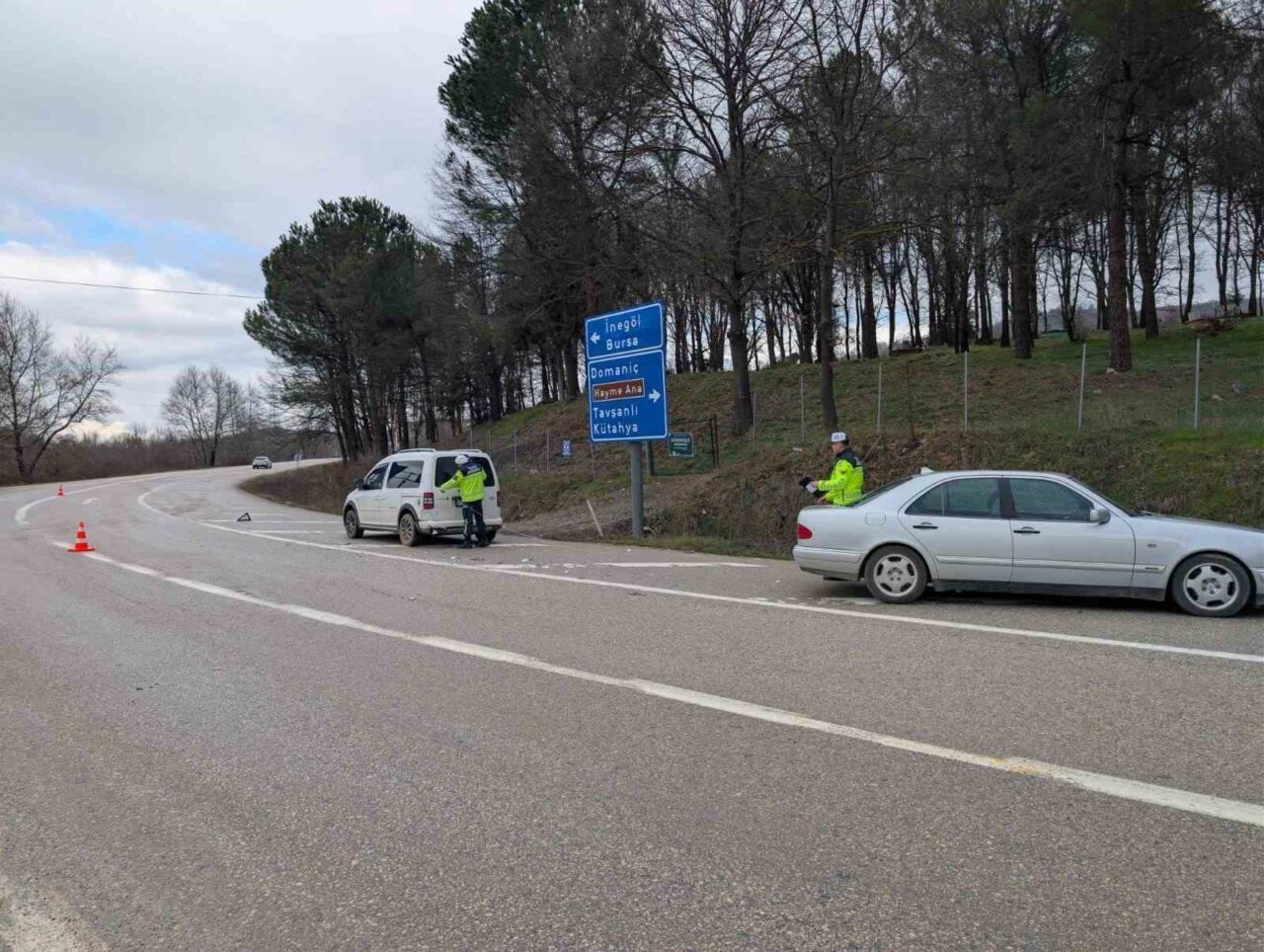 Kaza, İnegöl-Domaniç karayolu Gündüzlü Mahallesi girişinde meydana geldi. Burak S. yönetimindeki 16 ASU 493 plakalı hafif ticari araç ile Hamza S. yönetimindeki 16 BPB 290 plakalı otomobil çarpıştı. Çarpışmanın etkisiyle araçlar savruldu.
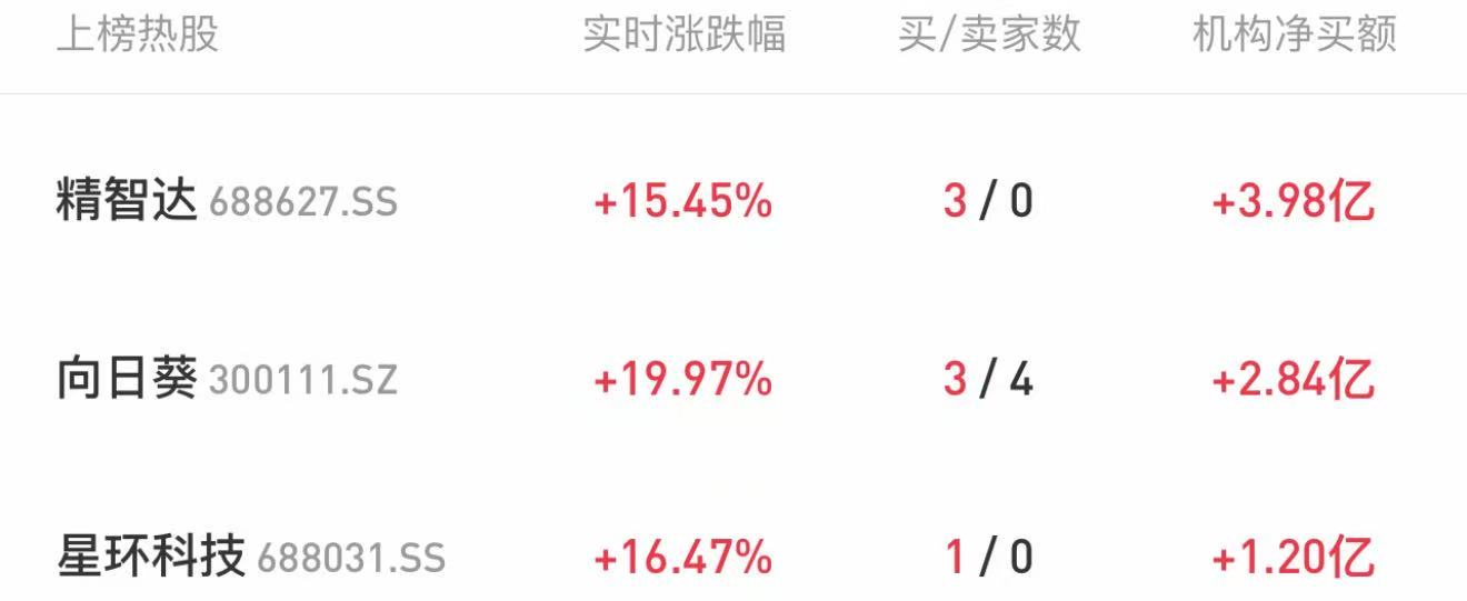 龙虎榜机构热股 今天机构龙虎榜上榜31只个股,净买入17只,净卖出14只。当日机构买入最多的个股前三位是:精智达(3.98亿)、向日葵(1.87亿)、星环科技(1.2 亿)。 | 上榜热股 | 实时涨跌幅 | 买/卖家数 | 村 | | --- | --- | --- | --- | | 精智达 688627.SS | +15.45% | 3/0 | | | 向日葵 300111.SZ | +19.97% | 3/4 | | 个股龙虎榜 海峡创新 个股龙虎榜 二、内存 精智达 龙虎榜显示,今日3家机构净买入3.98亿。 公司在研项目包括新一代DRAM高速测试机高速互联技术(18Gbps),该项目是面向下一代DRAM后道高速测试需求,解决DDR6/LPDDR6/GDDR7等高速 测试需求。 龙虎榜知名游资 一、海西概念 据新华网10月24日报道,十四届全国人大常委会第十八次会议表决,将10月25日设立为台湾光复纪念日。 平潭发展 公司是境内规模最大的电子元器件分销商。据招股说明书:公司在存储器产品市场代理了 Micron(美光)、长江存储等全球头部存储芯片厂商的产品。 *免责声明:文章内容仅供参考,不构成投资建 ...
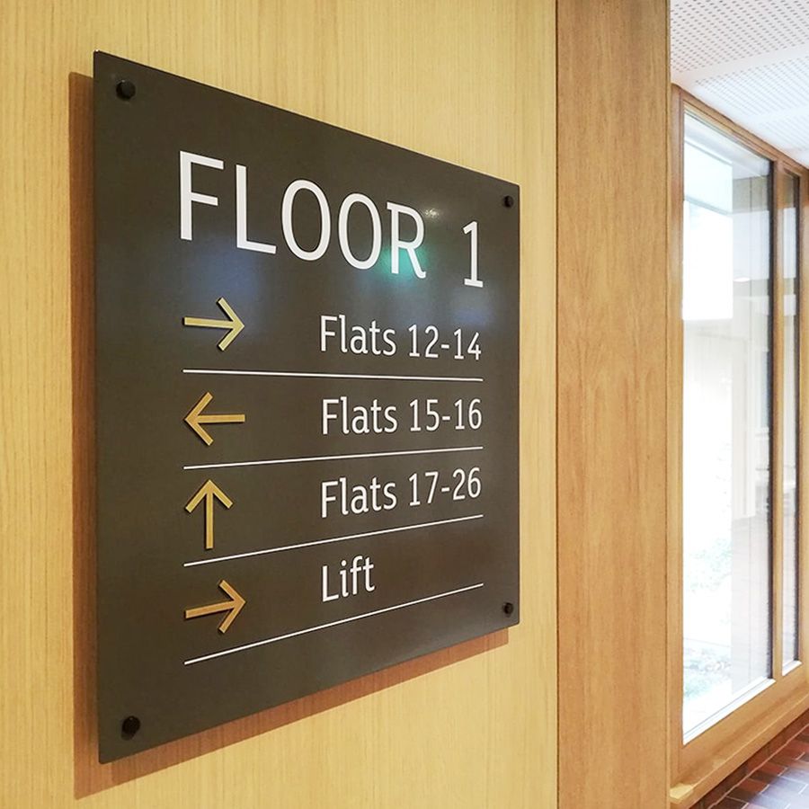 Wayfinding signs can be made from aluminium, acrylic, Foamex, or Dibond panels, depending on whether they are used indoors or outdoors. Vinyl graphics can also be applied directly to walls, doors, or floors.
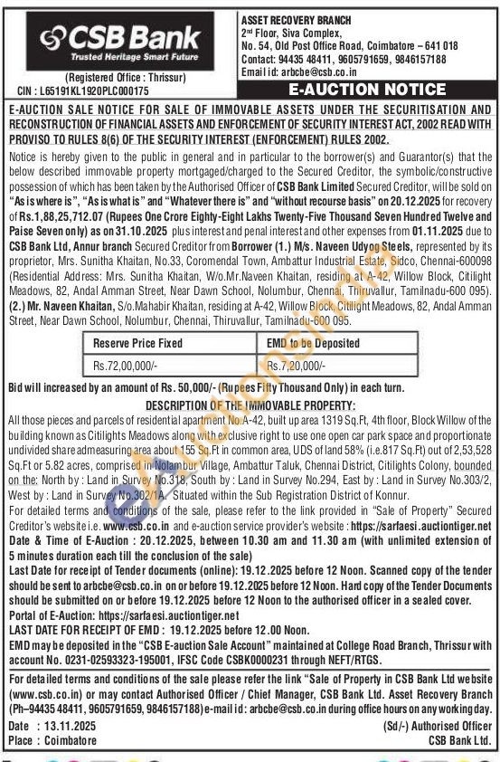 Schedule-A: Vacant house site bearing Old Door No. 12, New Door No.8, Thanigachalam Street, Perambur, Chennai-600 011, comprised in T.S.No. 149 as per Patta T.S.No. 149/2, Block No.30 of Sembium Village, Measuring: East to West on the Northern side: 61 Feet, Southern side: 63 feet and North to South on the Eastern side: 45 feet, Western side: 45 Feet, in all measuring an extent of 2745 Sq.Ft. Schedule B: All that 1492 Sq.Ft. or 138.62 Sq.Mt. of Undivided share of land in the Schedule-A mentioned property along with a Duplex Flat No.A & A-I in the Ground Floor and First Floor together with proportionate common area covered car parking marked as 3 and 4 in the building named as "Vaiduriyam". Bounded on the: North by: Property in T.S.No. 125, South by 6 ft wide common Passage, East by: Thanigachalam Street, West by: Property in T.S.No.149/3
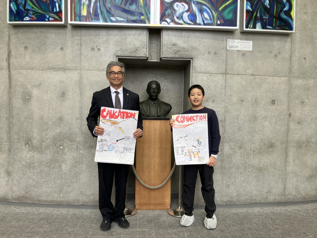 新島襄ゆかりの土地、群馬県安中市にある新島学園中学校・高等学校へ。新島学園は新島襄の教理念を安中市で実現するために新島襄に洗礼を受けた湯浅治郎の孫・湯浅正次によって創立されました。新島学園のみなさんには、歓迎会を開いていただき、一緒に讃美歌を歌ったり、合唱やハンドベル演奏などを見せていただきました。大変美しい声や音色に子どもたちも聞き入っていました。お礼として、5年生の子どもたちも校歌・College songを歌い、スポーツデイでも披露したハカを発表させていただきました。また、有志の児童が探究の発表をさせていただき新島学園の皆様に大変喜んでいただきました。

Task goal: The answer is the full listing above, repeated exactly, with its pictures removed.

Written solution:
 Kaza, İnegöl-Domaniç karayolu Gündüzlü Mahallesi girişinde meydana geldi. Burak S. yönetimindeki 16 ASU 493 plakalı hafif ticari araç ile Hamza S. yönetimindeki 16 BPB 290 plakalı otomobil çarpıştı. Çarpışmanın etkisiyle araçlar savruldu.
 龙虎榜机构热股 今天机构龙虎榜上榜31只个股,净买入17只,净卖出14只。当日机构买入最多的个股前三位是:精智达(3.98亿)、向日葵(1.87亿)、星环科技(1.2 亿)。 | 上榜热股 | 实时涨跌幅 | 买/卖家数 | 村 | | --- | --- | --- | --- | | 精智达 688627.SS | +15.45% | 3/0 | | | 向日葵 300111.SZ | +19.97% | 3/4 | | 个股龙虎榜 海峡创新 个股龙虎榜 二、内存 精智达 龙虎榜显示,今日3家机构净买入3.98亿。 公司在研项目包括新一代DRAM高速测试机高速互联技术(18Gbps),该项目是面向下一代DRAM后道高速测试需求,解决DDR6/LPDDR6/GDDR7等高速 测试需求。 龙虎榜知名游资 一、海西概念 据新华网10月24日报道,十四届全国人大常委会第十八次会议表决,将10月25日设立为台湾光复纪念日。 平潭发展 公司是境内规模最大的电子元器件分销商。据招股说明书:公司在存储器产品市场代理了 Micron(美光)、长江存储等全球头部存储芯片厂商的产品。 *免责声明:文章内容仅供参考,不构成投资建 ...
 Wayfinding signs can be made from aluminium, acrylic, Foamex, or Dibond panels, depending on whether they are used indoors or outdoors. Vinyl graphics can also be applied directly to walls, doors, or floors.
 Schedule-A: Vacant house site bearing Old Door No. 12, New Door No.8, Thanigachalam Street, Perambur, Chennai-600 011, comprised in T.S.No. 149 as per Patta T.S.No. 149/2, Block No.30 of Sembium Village, Measuring: East to West on the Northern side: 61 Feet, Southern side: 63 feet and North to South on the Eastern side: 45 feet, Western side: 45 Feet, in all measuring an extent of 2745 Sq.Ft. Schedule B: All that 1492 Sq.Ft. or 138.62 Sq.Mt. of Undivided share of land in the Schedule-A mentioned property along with a Duplex Flat No.A & A-I in the Ground Floor and First Floor together with proportionate common area covered car parking marked as 3 and 4 in the building named as "Vaiduriyam". Bounded on the: North by: Property in T.S.No. 125, South by 6 ft wide common Passage, East by: Thanigachalam Street, West by: Property in T.S.No.149/3
 新島襄ゆかりの土地、群馬県安中市にある新島学園中学校・高等学校へ。新島学園は新島襄の教理念を安中市で実現するために新島襄に洗礼を受けた湯浅治郎の孫・湯浅正次によって創立されました。新島学園のみなさんには、歓迎会を開いていただき、一緒に讃美歌を歌ったり、合唱やハンドベル演奏などを見せていただきました。大変美しい声や音色に子どもたちも聞き入っていました。お礼として、5年生の子どもたちも校歌・College songを歌い、スポーツデイでも披露したハカを発表させていただきました。また、有志の児童が探究の発表をさせていただき新島学園の皆様に大変喜んでいただきました。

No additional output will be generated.